Walter Palmore (born August 9, 1996) is an American football defensive tackle for the Michigan Panthers of the United States Football League (USFL). He played college football at the University of Missouri.

Early years 
Palmore attended Hardaway High School. He played only one season of football as a senior. He enrolled at Coffeyville Community College, where he was redshirted in 2014. 

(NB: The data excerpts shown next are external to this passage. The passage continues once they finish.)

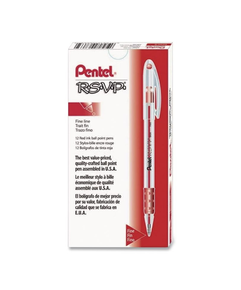 R.S.V.P. Ballpoint Pen, Stick, Fine 0.7 mm, Red Ink, Clear/Red Barrel, Dozen
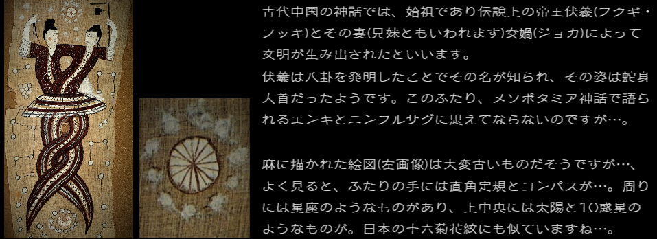伏羲と女媧が被っている帽子、そして蛇身人首。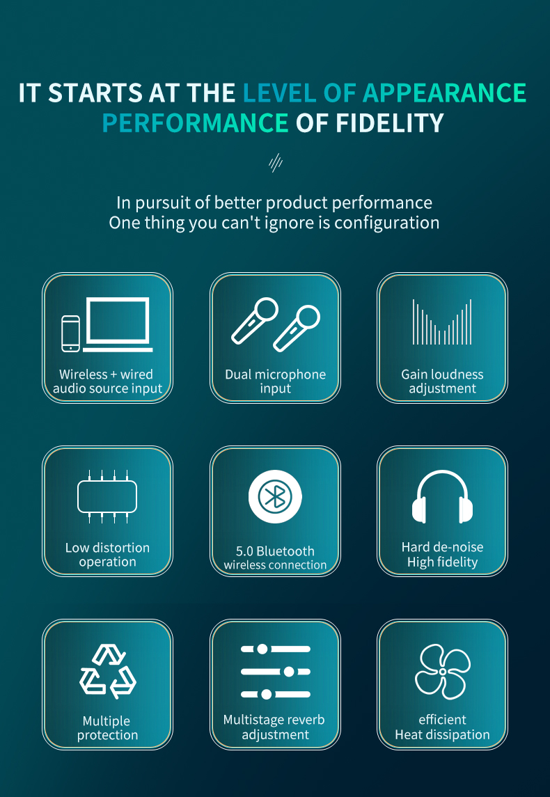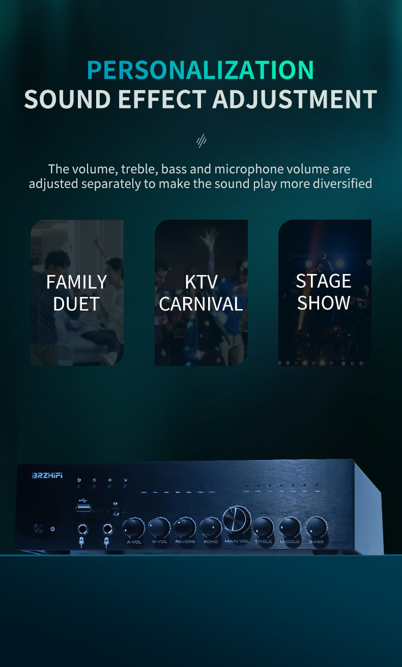 STK412-530 High Fidelity Bluetooth 5.0 Power Amplifier Support Dual Microphone Input Multi-function Karaoke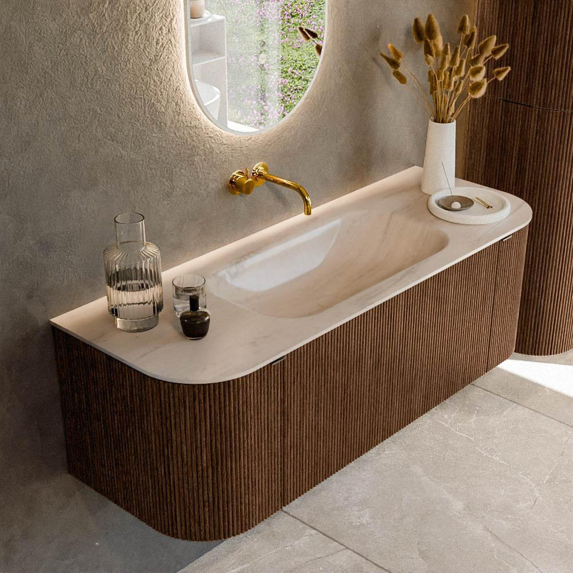 MONDIAZ KURVE-DLUX 130cm badmeubel ronding Links + Rechts kleur Walnut met 1 lade en 2 deuren. Wastafel BIG SMALL Midden zonder kraangat Meli.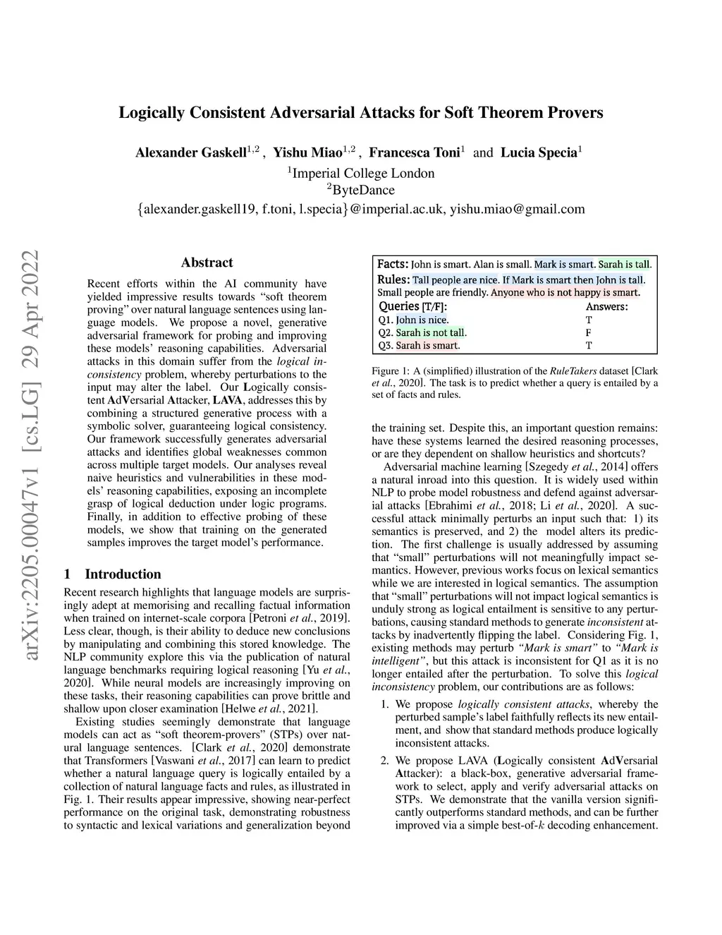 Recent efforts within the AI community have yielded impressive results towards "soft theorem proving" over natural language sentences using language models. We propose a novel, generative adversarial framework for probing and improving these models' reasoning capabilities. Adversarial attacks in this domain suffer from the logical inconsistency problem, whereby perturbations to the input may alter the label. Our Logically consistent AdVersarial Attacker, LAVA, addresses this by combining a structured generative process with a symbolic solver, guaranteeing logical consistency. Our framework successfully generates adversarial attacks and identifies global weaknesses common across multiple target models. Our analyses reveal naive heuristics and vulnerabilities in these models' reasoning capabilities, exposing an incomplete grasp of logical deduction under logic programs. Finally, in addition to effective probing of these models, we show that training on the generated samples improves the target model's performance.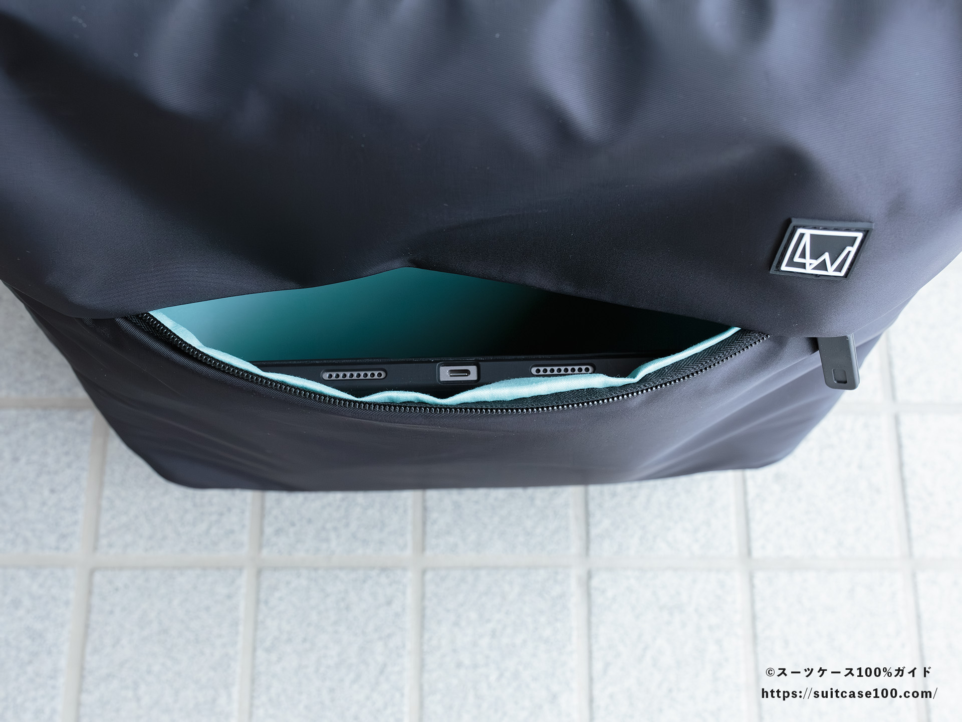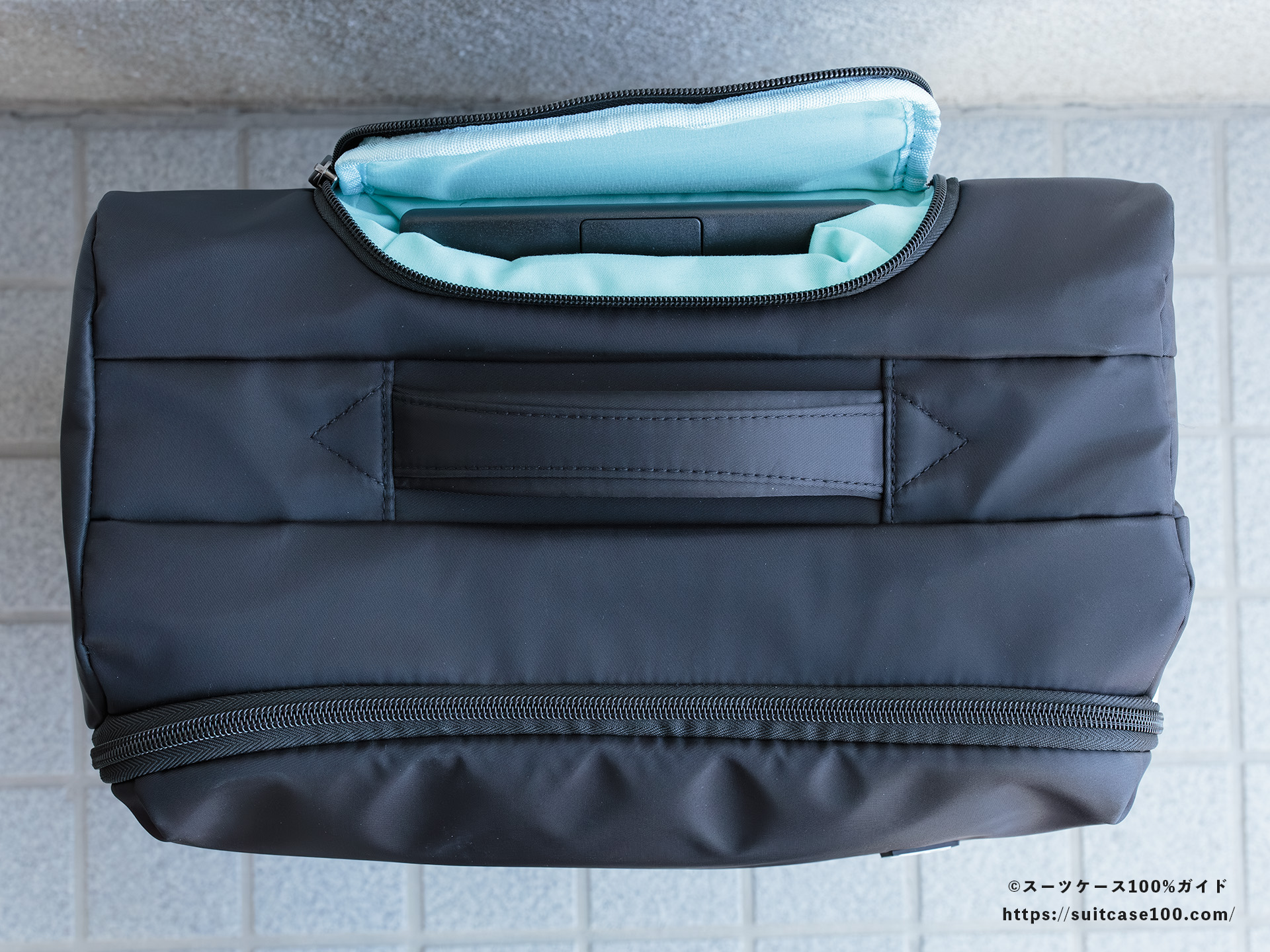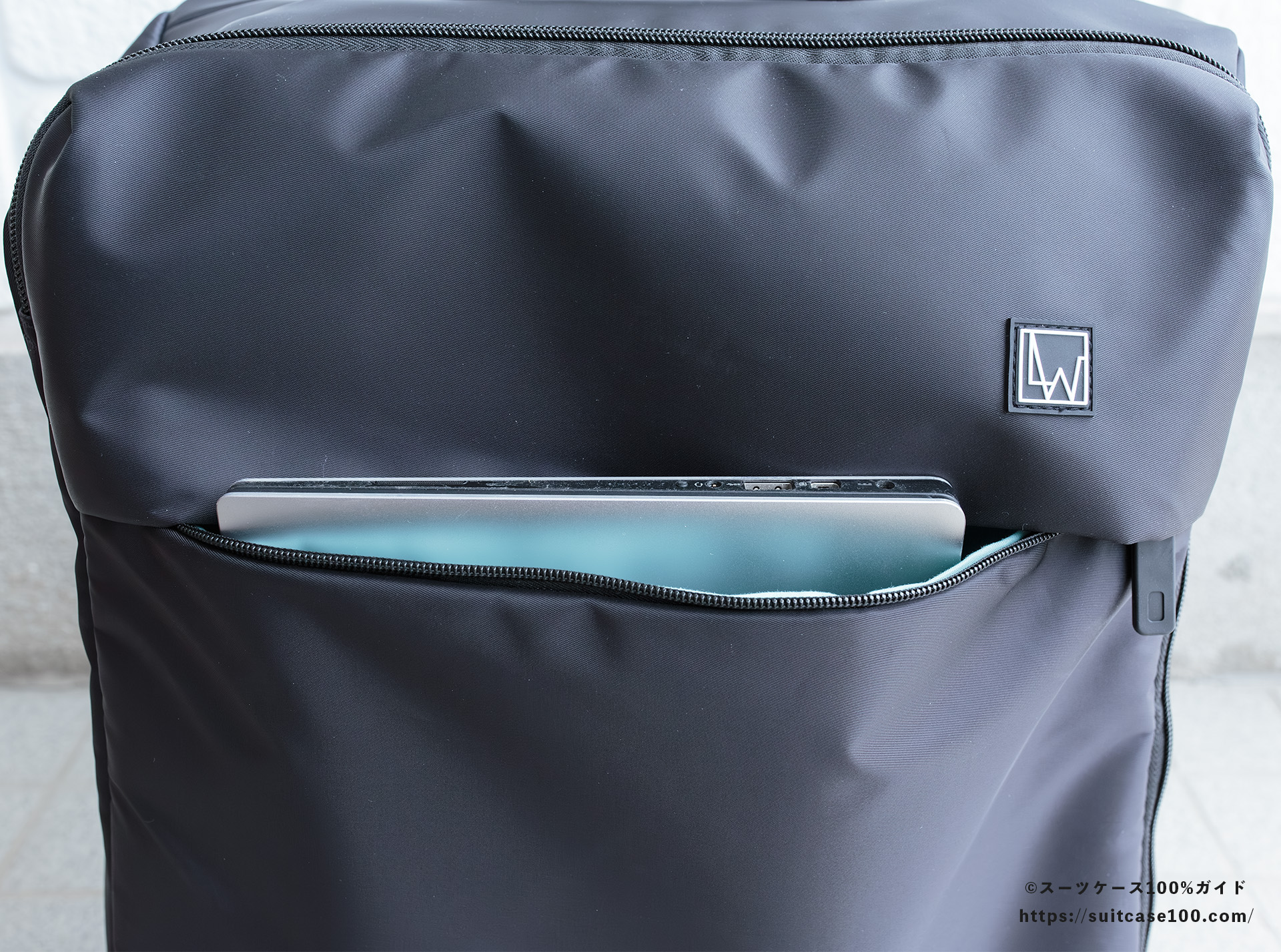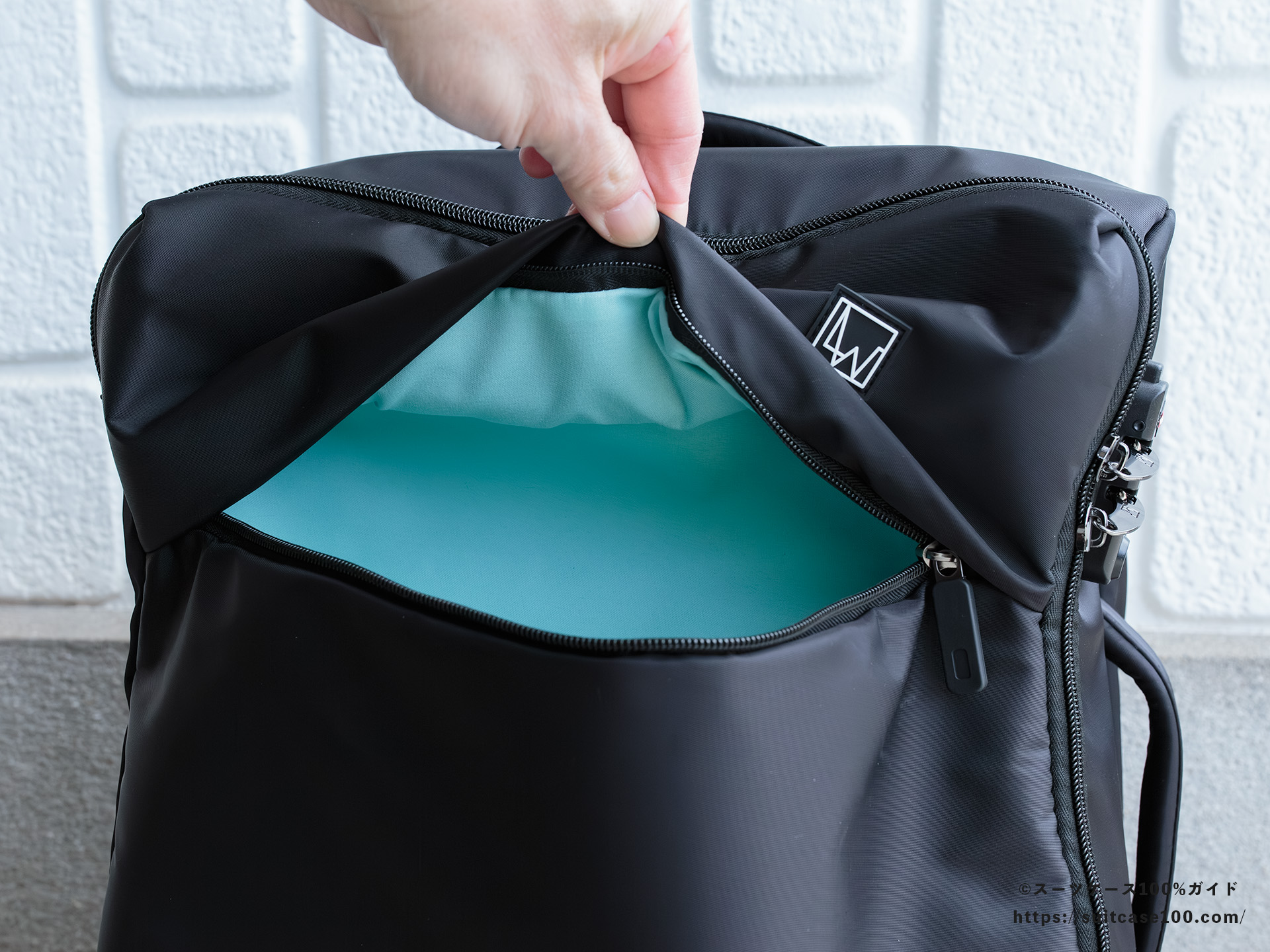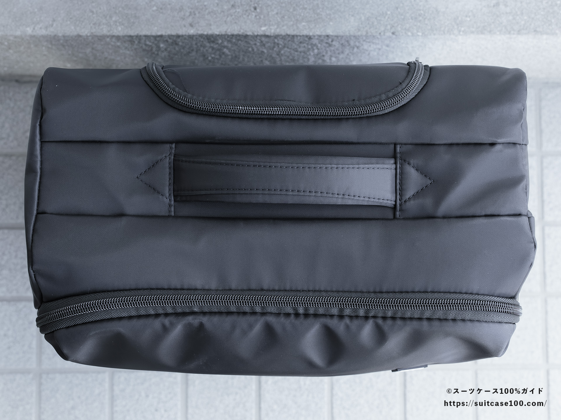 キャリーハンドルを出すには、このファスナーを開ける必要があります。

He transferred to Eastern Arizona Junior College in 2015. As a freshman, he tallied 36 tackles and five quarterback sacks. As a sophomore, he made 35 tackles (1.5 for loss), three quarterback sacks and one forced fumble. 

As a junior, he transferred to the University of Missouri. He appeared in 10 games and registered 13 tackles. He had 6 tackles in the season opener against the Missouri State University. He made 4 tackles (one for loss) and two quarterback pressures against the University of Tennessee. 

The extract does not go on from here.